Monday, December 22, 2014

Remote Sensing in an Abandoned Graveyard Near Bayou Teche

On December 18, 2014 the New Acadia Project crew and a group of student volunteers cleared brush from a small graveyard in a wooded area in Iberia Parish in order to conduct remote sensing. Although well known to local residents and the property owner, the graveyard had been abandoned and was overgrown. Of the five marked burials and vaults in the graveyard, only one headstone has an inscription. The burial of Jules Berard dates from 1888. The objective of remote sensing is to locate unmarked burials potentially associated with the 1765 settlement of New Acadia.
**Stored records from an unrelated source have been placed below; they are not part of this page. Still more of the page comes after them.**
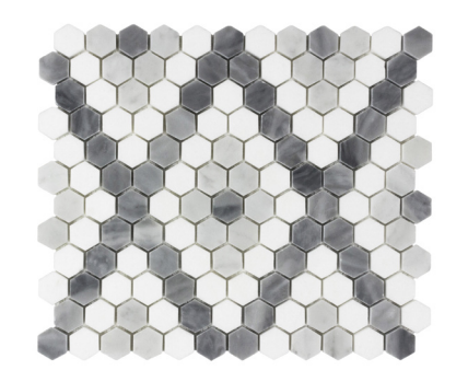
Kasbah ANTHCAKA 12"x12" Coverage: 0.84 sqft/pc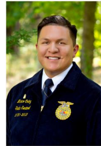
"A Place for All"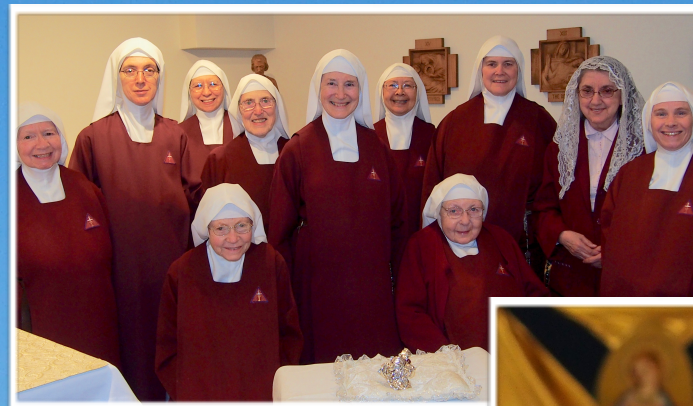
We were again graced to host the Silver Rose on its pilgrimage across the US, Canada, and Mexico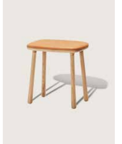
Frame: Olied oak Seat: Sand leather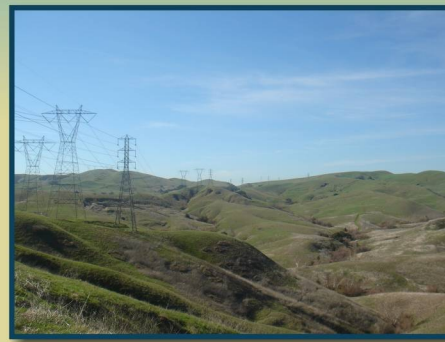
Chino Hills State Park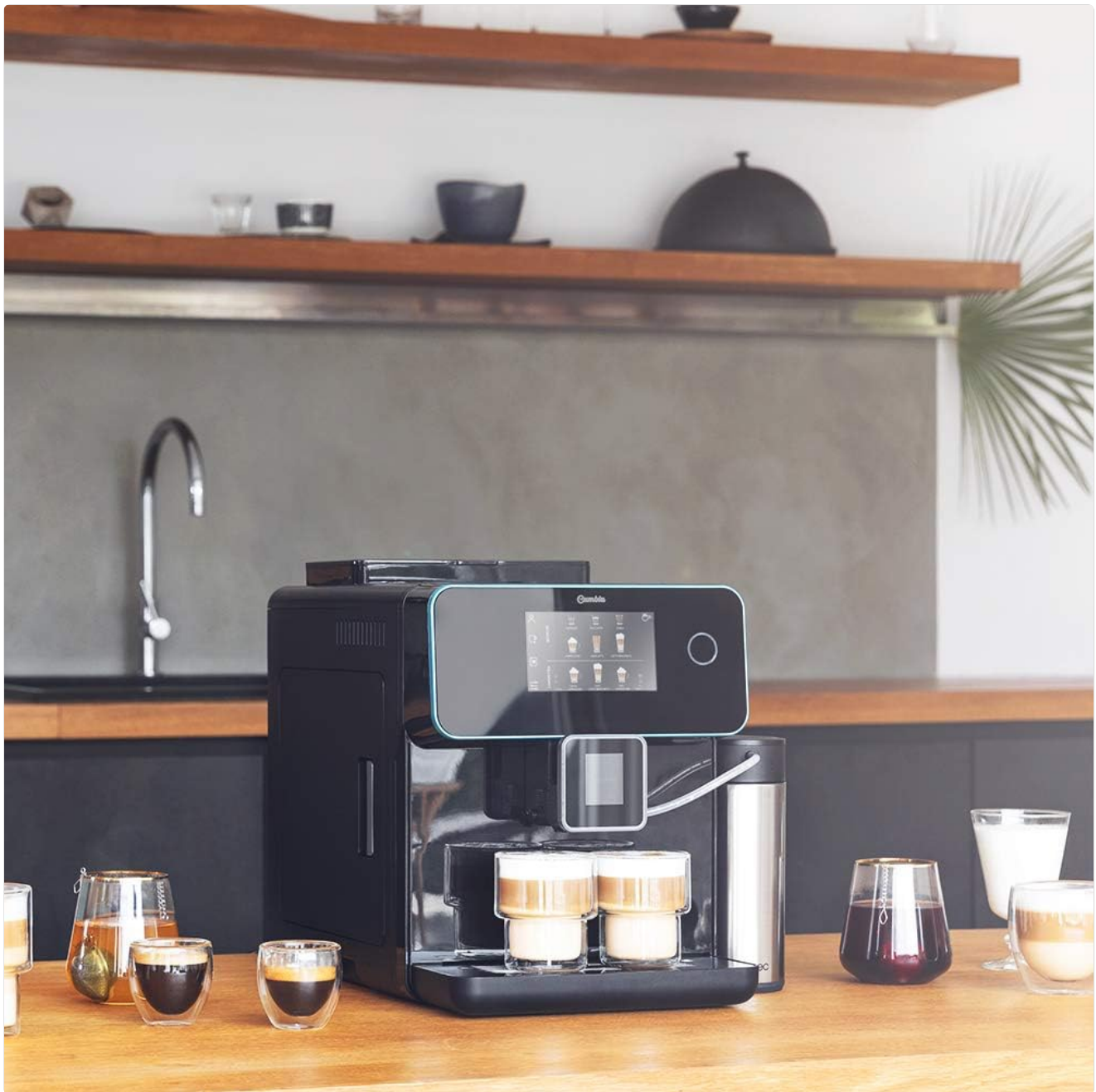
Figure 2: The coffee machine placed on a wooden kitchen counter, demonstrating its compact design. Several prepared coffee beverages are visible around the machine.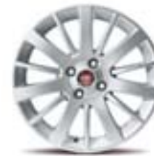
16" ALLOY WHEELS 195/55 R16 Aluminium colour Standard on Eleganza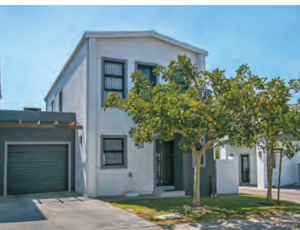
TANGLEWOOD ESTATE R2 195 000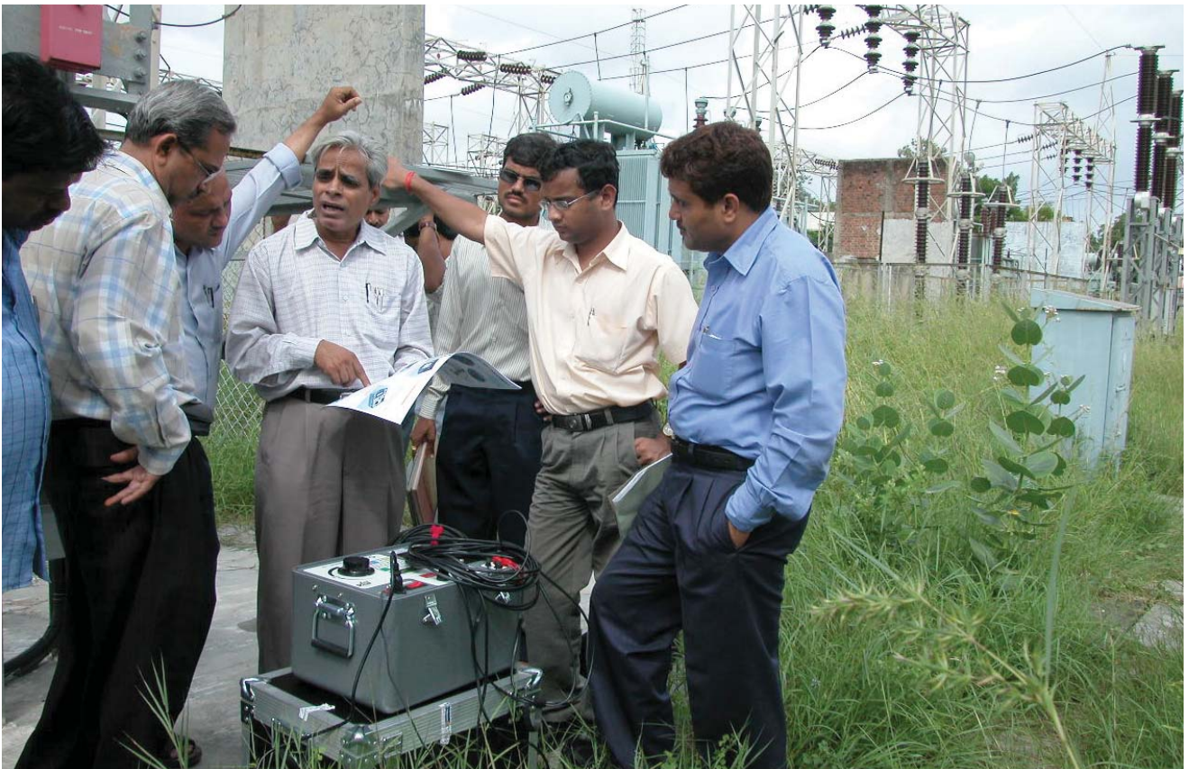
EZCT-10 in India

The New Acadia Project crew and volunteers on December 18. 
An abandoned and overgrown graveyard near Bayou Teche. 
The graveyard after it was cleared.
After clearing the cemetery, the crew returned on December 20
to conduct remote sensing.
Leaves and small branches were removed with rakes to
inspect the surface in preparation for remote sensing.
A total station was used to establish a site grid.
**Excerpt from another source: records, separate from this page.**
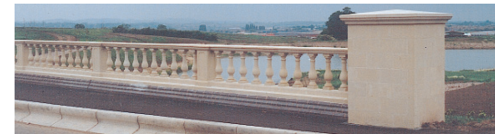
Reconstructed stone bridge parapets coated with Nu-Guard® Polymeric

Nu-Guard® AG finish is available in full gloss, satin or matt, and is U.V. resistant.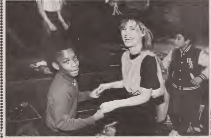
Everyone longot to be coal for a few hours when The Camiden Palace opened its doors and threw a Christmas tesperity for 250 load children. When it and meginations eargit be beforg vocals behind Junior's liver endition of "Mama Used" TO Sw". Coptan Sensible and Steve Strange joined in the party games and had s level aught the floor and compared check to check with the superity Makes you feel finds wern thinking determine the floor and canced check to check with the superity Makes you feel finds wern thinking determine the floor and canced check to check with the superity Makes you feel finds wern thinking determine the floor and canced check to check with the superity Makes you feel finds wern thinking determine the floor and canced check to check with the superity for the superity for the superity and the floor and check to check the the twith the superity for the superity for the superity for the superity of the superity of the superity for the superity for the superity for the superity of the superity of the superity for the superity for the superity for the superity of the superity of the superity of the superity for the superity for the superity for the superity of the superity of the superity for the superity for the superity for the superity of the superity of the superity for the superity of the superity of the superity for the superity for the superity of the superity for the superity of the superity of the superity for the superity of the superity for the superity for the superity of the superity for the superity for the superity for the superity for the superity for the superity for the superity for the superity for the superity for the superity for the superity for the superity for the superity for the superity for the superity for the superity for the superity for the superity for the superity for the superity for the superity for the superity for the superity for the superity for the superity for the superity for the superity for the superity for the s

And the heavens operade and there came for two control in varya large quantities as Tayah Shafasbury Theater Having ordeal, aftel Iba devoting portion rates new year last Ler, several acting roles that are in the pipeline (IV: films and theater), paying abroad and designing a of these was the areasing of these was the areasing to make the for the "Be Load Be Proud" apparently.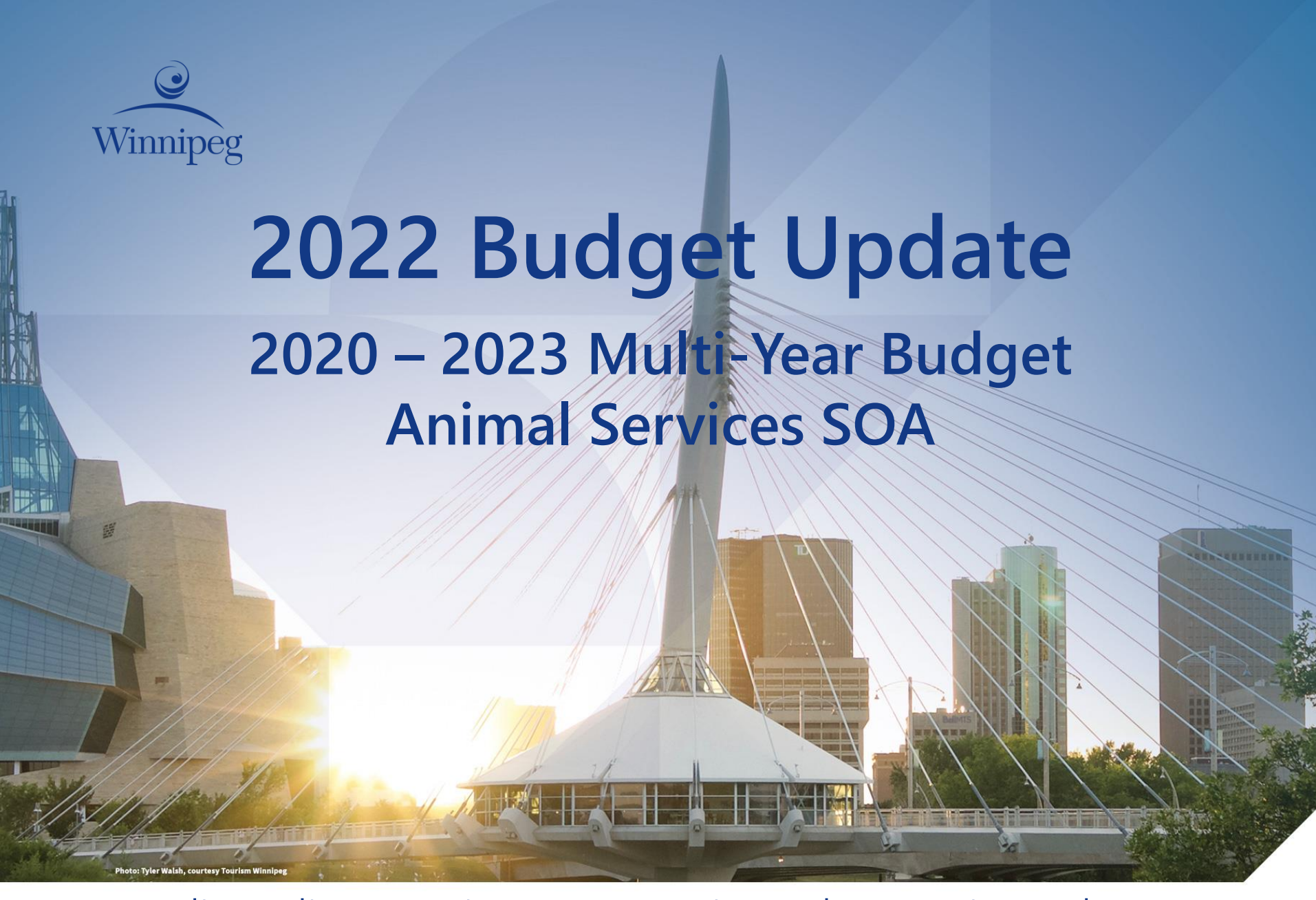
Standing Policy Committee on Innovation and Economic Development November 29, 2021

The grid was laid out for remote sensing.
 Grid lines were marked with wooden
stakes and plastic flags.
The Cesium Magnetometer was expertly assembled.

Setting up the Cesium Magnetometer.
Using the magnetometer to collect data along transects.
Remote sensing with a Cesium Magnetometer.


Analysis of the data collected from remote sensing is still in process. Preliminary results, however, indicate several subsurface anomalies in and around the graveyard. Only one of these anomalies is a known grave associated with a headstone.

One of the areas surveyed with the magnetometer, showing a
magnetic anomaly not associated with a marked grave.